Five minutes later I'm at the doctor's office with my sample in a brown lunch bag as to not scare anybody walking in with a specimen cup loaded up with cum. Mrs. Doubtfire asks me a few questions.

"Is this from this morning?"
I turn around and look at the clock.
"Um, about ten minutes ago," I say.
"Uh, ooh, ahem, Okay and your date of birth is?" asks Mrs. Doubtfire and I could swear she was blushing.
"Two sixteen sixty eight,"I say.
"And when was your procedure?" she asks.
The phone rings.
"Excuse me," she says as she picks up the phone.
"Durham Urology. How can I help you?"

I can't help but wonder what the person who handles these specimens thinks:
"Um, that's all he could muster up? Poor fellow" or "God damn that guy delivered a monster load." And then I have this weird, creepy sexual deviant thought that the lady who works in the lab is one of those buttakke-types who likes to drink cum. Of course! That's why she works in the lab testing men's ejacualte for traces of sperm.

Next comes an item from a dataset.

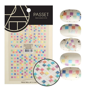 Наклейка для ногтей Passet Real Art, цветная голограмма в клетку..., 1шт

I'm only momentarily freaked out by this.
And it's more so that I thought about it then it actually happening.


Anonymous said...

Jeebus, no word for days and now you're blowing your wad all over the place. Congrats on the dick being in working order.

In process of planning my DC move. More info to follow. I'll be the next Pete Hamill baby. D started work on Monday.

Go heels.


Whit said...

Your wife is a trooper.

The Holmes said...

Ha! Poor Mrs. Doubtfire.

Damn, now I gotta wonder what my poor sample is being subjected to. Oh well, I'm sure it doesn't mind.

billsteigerwald said...

Sick and hysterical. Keep it cuming!